Value Learning for Irrational Toy Models
discussion post by Patrick LaVictoire 433 days ago | discuss

(This is a half-formed idea from discussions within MIRI; if it’s dumb, I take the full blame.)

In value learning contexts, it’s useful to have a toy model of human psychology, to see (for example) if a certain approach would work to learn the values of an idealized rational agent, but might robustly fail when faced with a more realistically constructed agent.

For example, here is a toy model of an irrational agent: take a world where the deterministic mapping $$f$$ from actions to outcomes is fully known, and take three different preference orderings on the set of outcomes.

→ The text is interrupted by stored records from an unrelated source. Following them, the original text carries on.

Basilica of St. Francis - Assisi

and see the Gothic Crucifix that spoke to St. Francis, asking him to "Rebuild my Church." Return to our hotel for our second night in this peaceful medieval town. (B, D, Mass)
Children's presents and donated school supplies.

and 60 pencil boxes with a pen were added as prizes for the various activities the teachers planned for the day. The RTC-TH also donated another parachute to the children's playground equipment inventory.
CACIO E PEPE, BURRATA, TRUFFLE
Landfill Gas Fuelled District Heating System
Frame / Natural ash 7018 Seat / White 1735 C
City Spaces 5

When the agent chooses among actions $$a_1, \dots, a_n$$, we first check whether any $$f(a_i)$$ dominates the others according to at least two of the preference orderings; if so, we take that action with certainty. Otherwise, we select randomly among the available actions. (This agent is a moral democracy, and if two of the three subagents agree on a policy, that policy is taken; otherwise, the agent hits a deadlock and acts at random.)

It is easy to construct agents of this form which exhibit circular preferences in binary choices. We can therefore ask whether a particular value learning algorithm would satisfy sensible desiderata when learning from such an agent. (For instance, if outcome $$X$$ strictly dominates outcome $$Y$$ according to all three preference orderings, we might desire that our value learning algorithm not act so as to result in $$Y$$ when it could instead have acted so as to result in $$X$$.)

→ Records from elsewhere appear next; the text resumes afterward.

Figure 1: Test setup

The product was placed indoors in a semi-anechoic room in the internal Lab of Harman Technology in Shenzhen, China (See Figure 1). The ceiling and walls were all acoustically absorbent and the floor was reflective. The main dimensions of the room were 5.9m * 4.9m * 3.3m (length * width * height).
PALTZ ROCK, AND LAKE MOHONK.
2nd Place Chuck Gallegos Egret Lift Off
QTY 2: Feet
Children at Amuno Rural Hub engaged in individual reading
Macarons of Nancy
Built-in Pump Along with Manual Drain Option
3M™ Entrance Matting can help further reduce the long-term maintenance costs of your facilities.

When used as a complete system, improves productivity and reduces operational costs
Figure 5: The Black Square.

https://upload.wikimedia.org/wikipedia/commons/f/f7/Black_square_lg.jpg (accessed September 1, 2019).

The Hard Problem of Value Learning

But of course, a human brain is not even as simple as that toy model of irrationality. I’ve thought it might be useful to sketch out the level of generality that I actually believe is necessary, in order to show how hard the problem may be to get right.

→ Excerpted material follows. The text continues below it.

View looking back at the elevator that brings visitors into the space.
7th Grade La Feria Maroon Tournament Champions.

Human brains do some amount of consequentialist reasoning [citation needed], so arguably at some point of cognition there exist heuristics for evaluating the overall desirability of various outcomes. We would like our value learning process to infer these heuristics and take them into account (this seems necessary, not sufficient).

We cannot assume that the human will take actions that effectively argmax these heuristics (though it will strongly correlate in some regime); we cannot assume whether these heuristics give us values for states, or for action-state pairs; we cannot assume that these heuristics make use of all the important information from the original observations, etc.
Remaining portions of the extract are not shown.